大堂的人瞬间走了一空,楼上传来收拾东西的细碎声响,还有低低切切听不清的私语。王先生叹息一声,薛家这是阳谋啊,派一个侍女来说两句话,就搅乱了这一池春水,可选择权还在自己手上,再苛刻的人也说不出薛家的不是来。
这就是薛家吗?煊赫百年,掌控南方市场,豢养私兵,拥有船队,远航海外的薛家!
王先生挥手让自己的仆从也去准备,他也不愿意守在这儿了。
众多滞留瓜州城的商人抱着试试看的心情去了北城门,却发现这里城门大开,没有守卫,也没有围观的百信。

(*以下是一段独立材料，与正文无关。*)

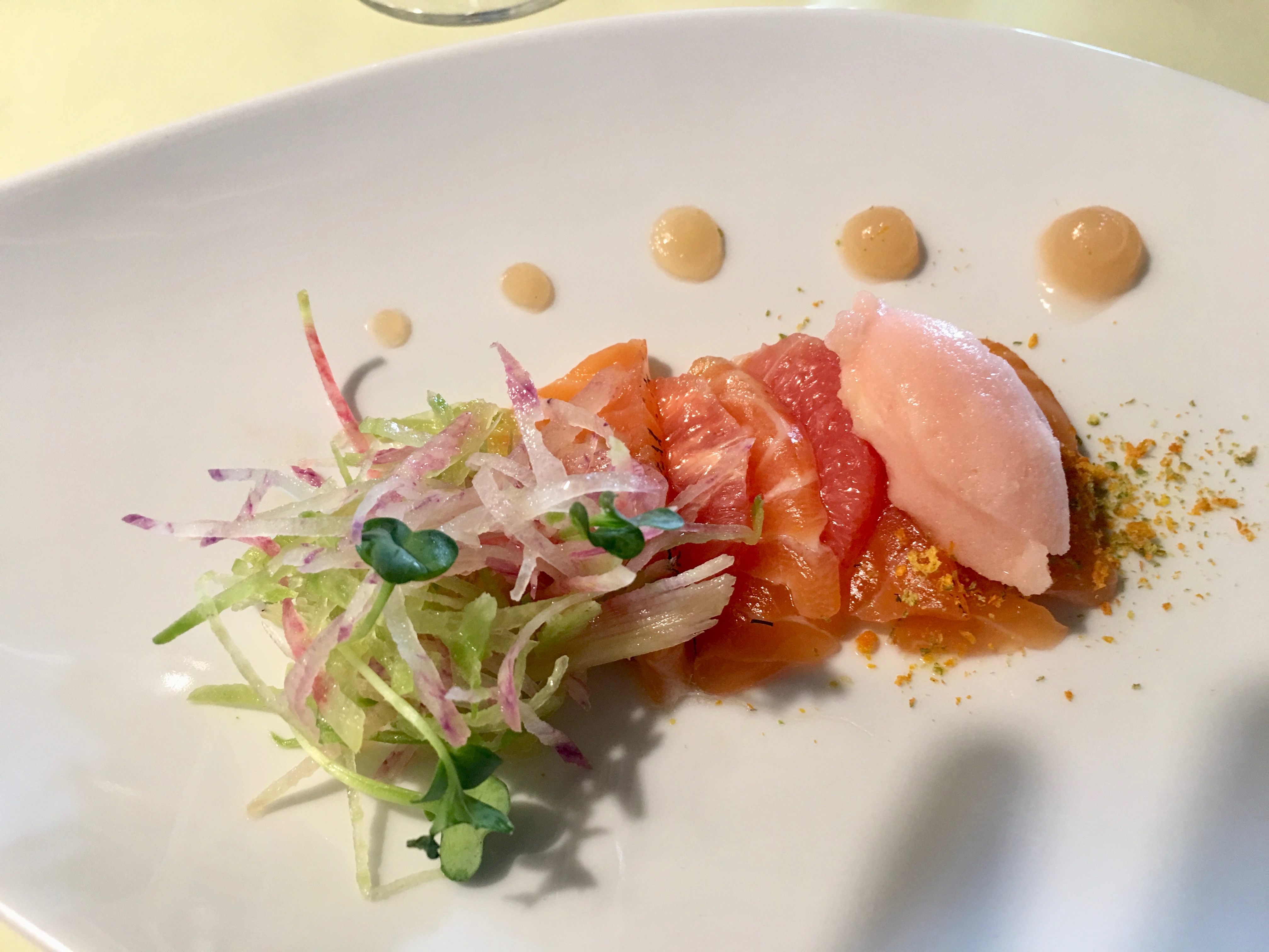 Carpaccio of salmon with grapefruit sorbet
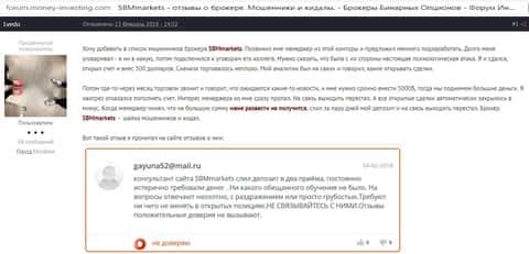Пользователь одного из форумов по инвестициям так же предостерегает остальных пользователей. Как уже говорилось, мошенники SBMMarkets постепенно, не спеша, разводят клиентов на всё большие и больше суммы денег. Вывести их у клиентов уже не получится, ведь мошенническая контора СБМ Маркетс работает только на ввод средств и развод своих клиентов.
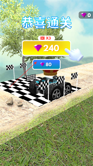 4、率先沖過(guò)終點(diǎn)線,看到恭喜通關(guān)提示后,領(lǐng)取鉆石獎(jiǎng)勵(lì)進(jìn)入下一關(guān)。
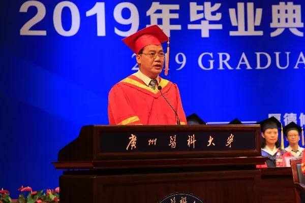 国务院特殊津贴专家、广东省医学领军人才、广州呼吸健康研究院罗远明教授代表教师发言。结合自身从广医毕业后在世界著名大学的留学、任职经历,他认为,广医有一流的学科、一流的专业、一流的学者,这份履历足以支撑同学们精彩人生的启程,他自身亦始终把广医作为研究工作的大本营。科学研究除了质疑与批判思维,还需要毅力、付出和冒险精神,希望同学们坚守专业理想,以高质量的创新服务国家、成就自我。
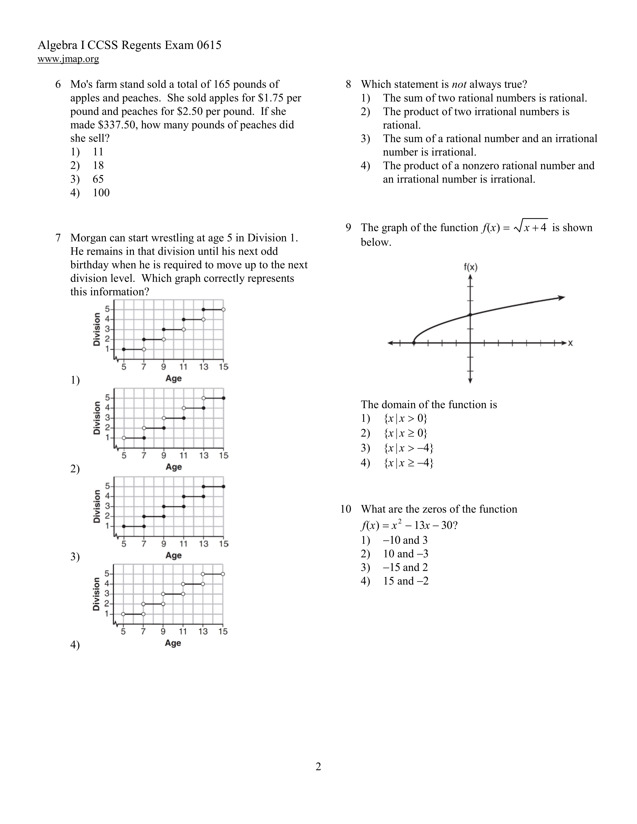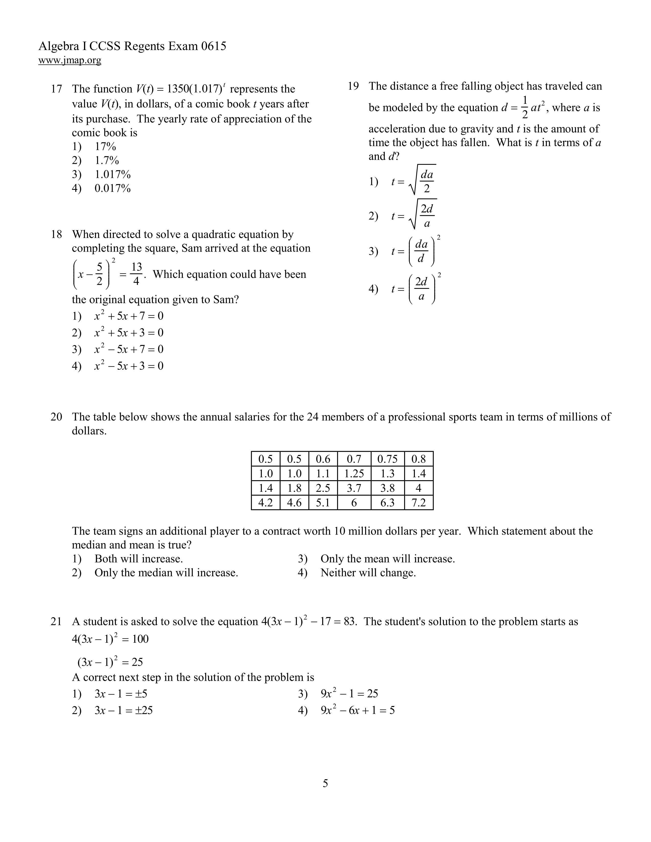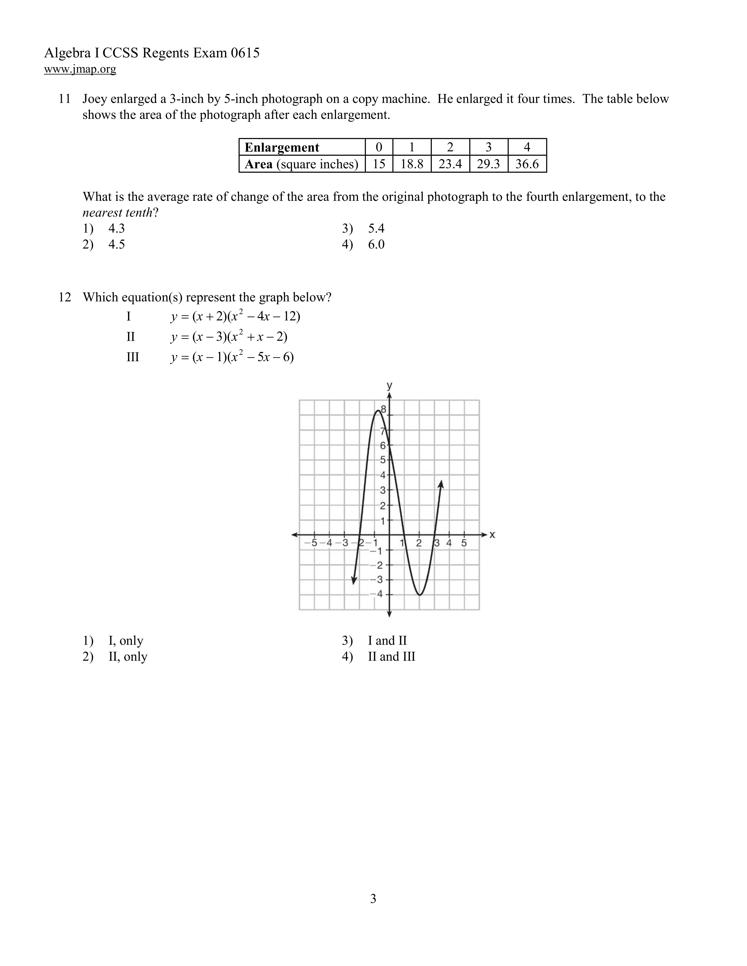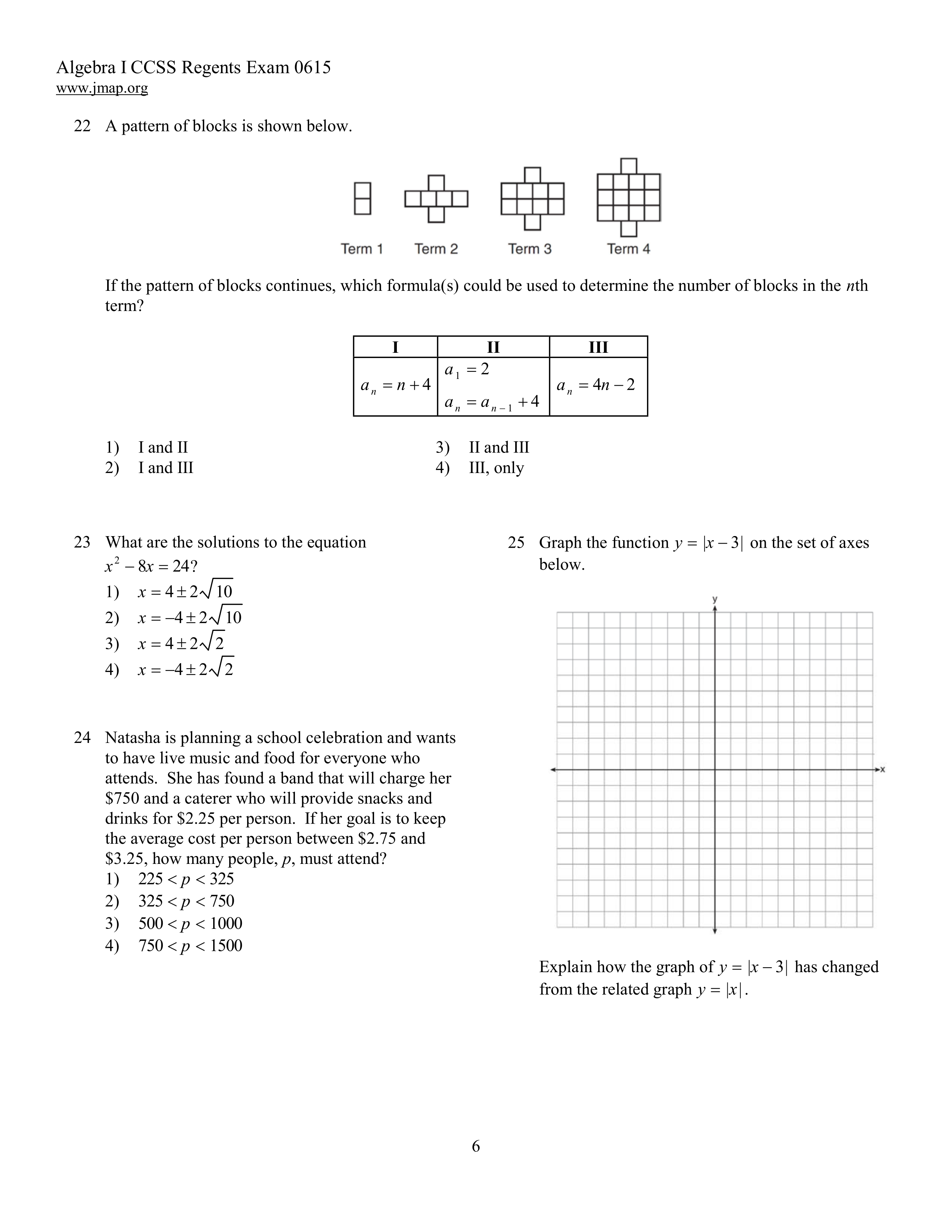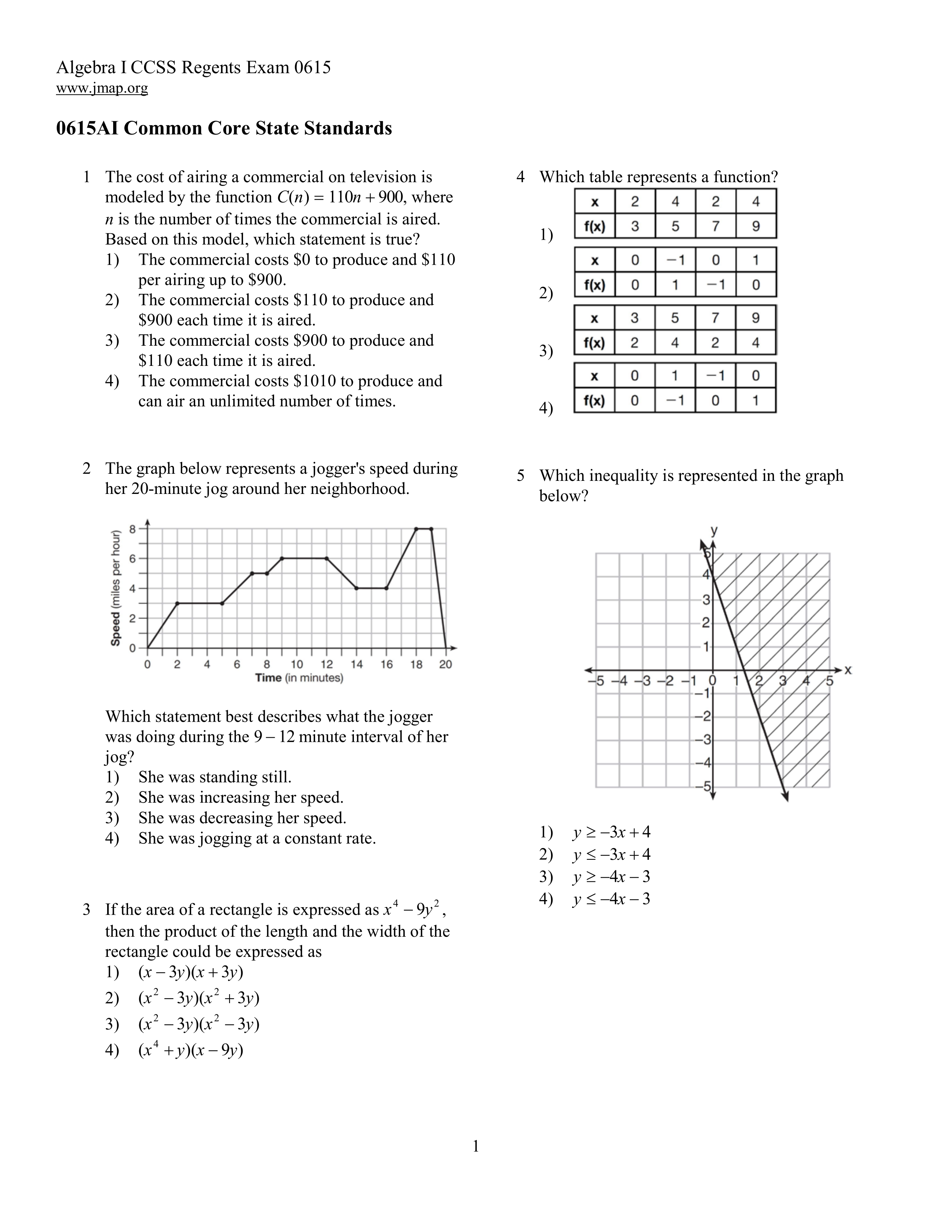 Algebra 1 Regents June 2015
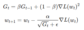 Adagrad의 단점(학습률이 점점 작아지는 문제, Vanishing Learning Rate)을 해결하기 위해, 기울기의 누적을 지수 이동 평균(EMA, Exponential Moving Average)으로 계산하여 업데이트하는 방식입니다.

第一个来,胆子最大的老白试探着派随从探路,听得随从兴奋的高喊声,不等老白反应,其他人已经一拥而上了,宽大的城门顿时拥挤起来,谁也顾不得风度。
出城远眺,才发现城外早已变天,远处江上全是浮木、尸/体,宽阔大道一个人都没有,还影影绰绰可见远处攒动的人头,都忙着救人呢。
就在王蕴出城查看、分司署通判署没来得及接掌城中防卫的空隙,滞留城中的商人被薛逊煽动跑了。
此时在江边生气的王蕴还不知道城中的变故,一口心头血吐出,王蕴仰面倒在随从身上,面色惨败,心绪难平。
这时一个士兵上前禀告,拿着一支箭,上面绑着一封信。“大人,有人飞箭传信,上面写着大人轻启,是……是薛逊。”
王蕴一听薛逊的名字挣扎着站稳,不顾随从的阻劳一把抢过信件。只见信封上写着薛逊敬奉几个字,王蕴眼花,觉得这几个字分明排成了一个笑脸,还是学习那张虚伪的笑脸,正在嘲讽他呢!
王蕴气急败坏的撕开信封,入目是一手刚劲有力的行楷:王大人背信弃义,设陷阱诱捕,薛逊却是商贾,信义为先。即便王大人不守信用,薛逊也要把提高瓜州赋税的方法奉上。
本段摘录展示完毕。